Women had no voice to protest nor did they have any advocacy beyond the asylum gates. They lacked the solidarity to stand up for themselves or each other. Once admitted, it was next to impossible to be discharged. Bad treatment by attendants and terrible living conditions led to many asylum suicides from constant harassment, violence, loneliness, and despair.

In the Victorian age, the perfect wife did not demand time or rights for herself. She was supposed to be subservient to the needs of her family. Her husband in particular. Women with strong personalities and active minds could never conform to that role without sacrificing the core of their beings. Unsatisfied and vindictive husbands could have their wives committed for stepping outside the boundaries of her role as a wife.

Married women were sent to asylums for nymphomania, promiscuity, bearing an illegitimate child, or being the victim of rape.
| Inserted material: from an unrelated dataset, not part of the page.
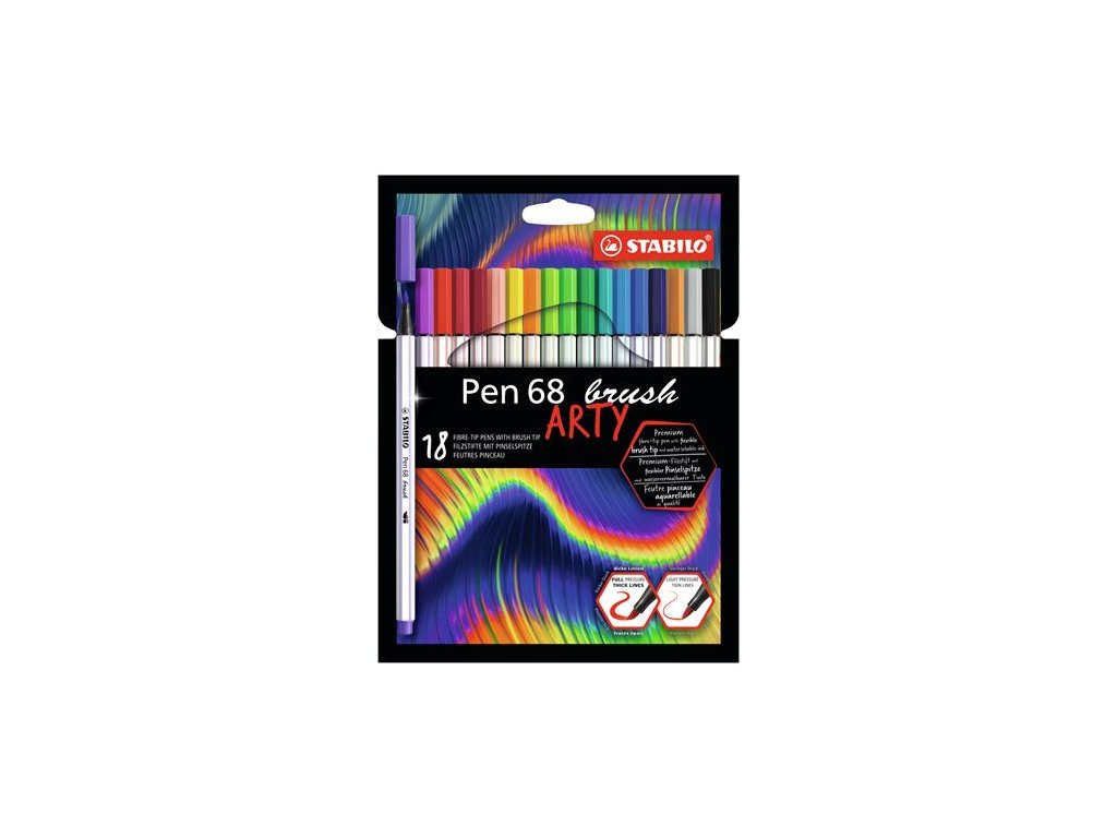 Fixky, sada, STABILO "Pen 68 brush ARTY", 18 rôznych farieb

Women who practiced sex outside of marriage were accused of moral imbecility and could be committed for the public good. Many husbands used commitment as a convenient alternative to divorce.

By the mid-nineteenth century, doctors began regarding mental illness as a medical problem. With little formal training, they tested their quack theories on mentally ill patients. Perhaps the most egregious example of a gratuitous treatment was devised by male doctors who created a condition they called Hysterical Paroxysm.

Doctors would give female patients "pelvic massages" to release the women's pent-up libido and frustrations. It wasn't long before women were being treated for frustration and anxiety as outpatients in doctors' offices. After the electric vibrator was invented towards the end of the century, women could effect this treatment in the privacy of their own homes.

Doctors of this era believed women who tried to improve their station in life by asserting their independence, getting an education, or living outside the family unit without a husband were considered suspect. Women who were outspoken, volatile, or expressed discontent were labeled mad if they refused to fit the stereotypical mold of the passive housewife. Many women were driven to mental illness by the rigid strictures polite society imposed upon them.

Mental health researchers in the Victorian age devised three archetypes of the mad woman:
  1. The Ophelia (named after the heroine in Hamlet). These women were pliant and pleasant--code words for easy to control.
  2. The Crazy Jane. These patients represented psychotic women who were clearly disturbed and needed to be watched.
  3. The Lucia (named after Renaissance poisoner Lucretia Borgia). These patients were prone to violence and considered dangerous.
Imposing these labels on women was a way for men to garner further control over women and possess them more thoroughly. Doctors of the day warned against any activity that might change a woman's domestic status. Suffragettes and women's rights advocates were particularly troublesome for the status quo and challenged the system.

Meanwhile, Edith Lanchester was committed in 1895 by her brother for refusing to marry. She was diagnosed as insane by reason of "over-education" while her brother took full possession and ownership of their jointly inherited estate.